> [What you are asked to do]
Stop after the line with "方式六:在扇贝英语APP中找". Up to that point, output every line of the listing below exactly from the first one onward, skipping pictures.

> [Data]
BEGIN

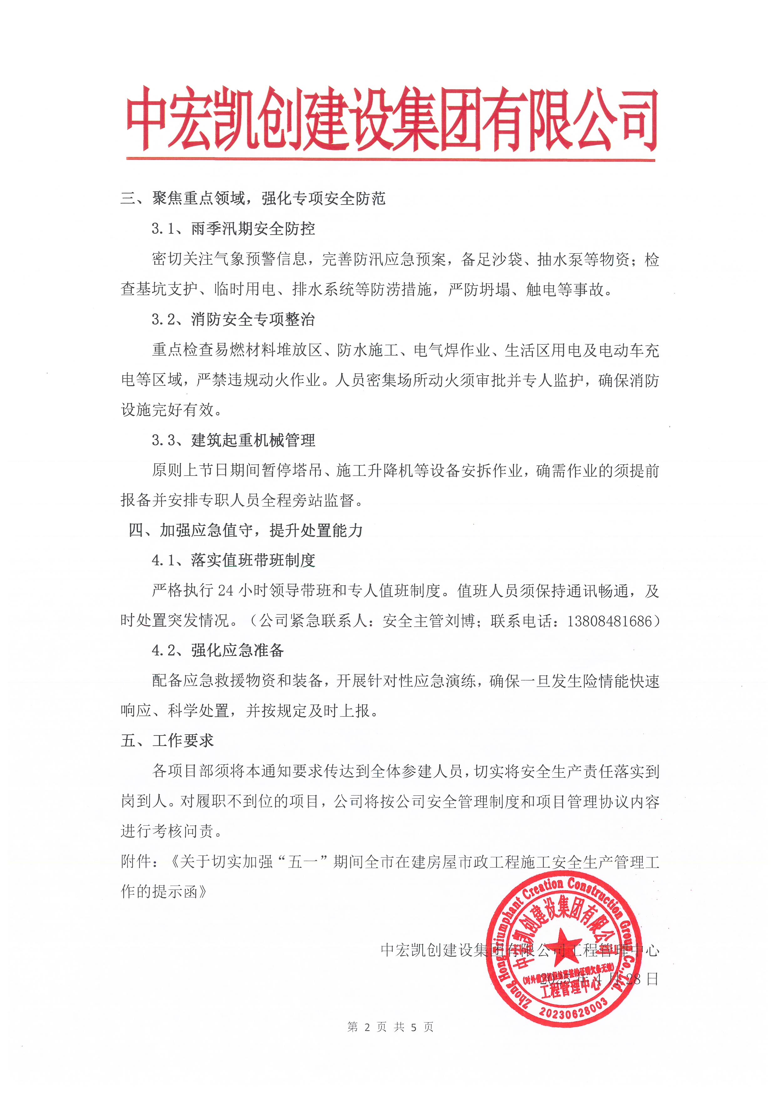 严格执行24小时领导带班和专人值班制度。值班人员须保持通讯畅通,及时处置突发情况。(公司紧急联系人:安全主管刘博;联系电话:13808481686)
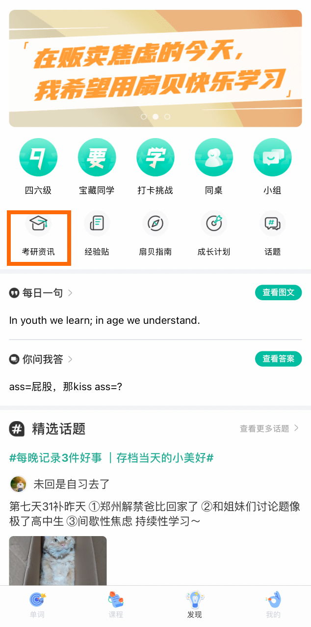 方式六:在扇贝英语APP中找到“发现”栏目,点击【考研资讯】-【招生直播】,进入中原工学院直播间。
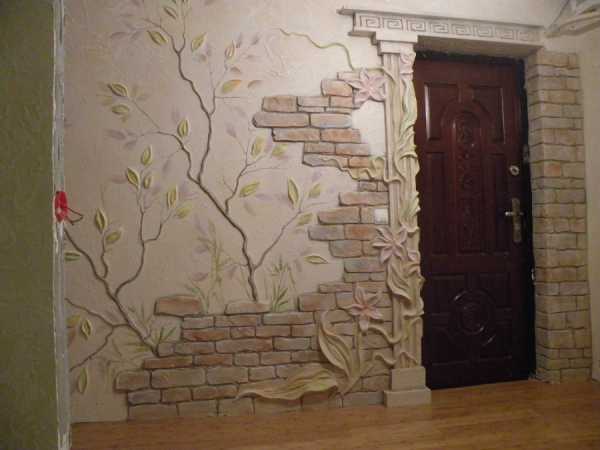 Качественный, но дорогой материал используется для внутренней отделки помещений. Благодаря использованию декоративной штукатурки поверхность стен зрительно выравнивается. При этом скрываются небольшие дефекты, а стену можно окрасить в любой оттенок. Кроме того, получается довольно необычная текстура. Уход за стенами, облицованными декоративной штукатуркой, осуществляется довольно просто. Ее можно использовать для помещений с повышенной влажностью.

END

> [Reply to the task]
 严格执行24小时领导带班和专人值班制度。值班人员须保持通讯畅通,及时处置突发情况。(公司紧急联系人:安全主管刘博;联系电话:13808481686)
 方式六:在扇贝英语APP中找到“发现”栏目,点击【考研资讯】-【招生直播】,进入中原工学院直播间。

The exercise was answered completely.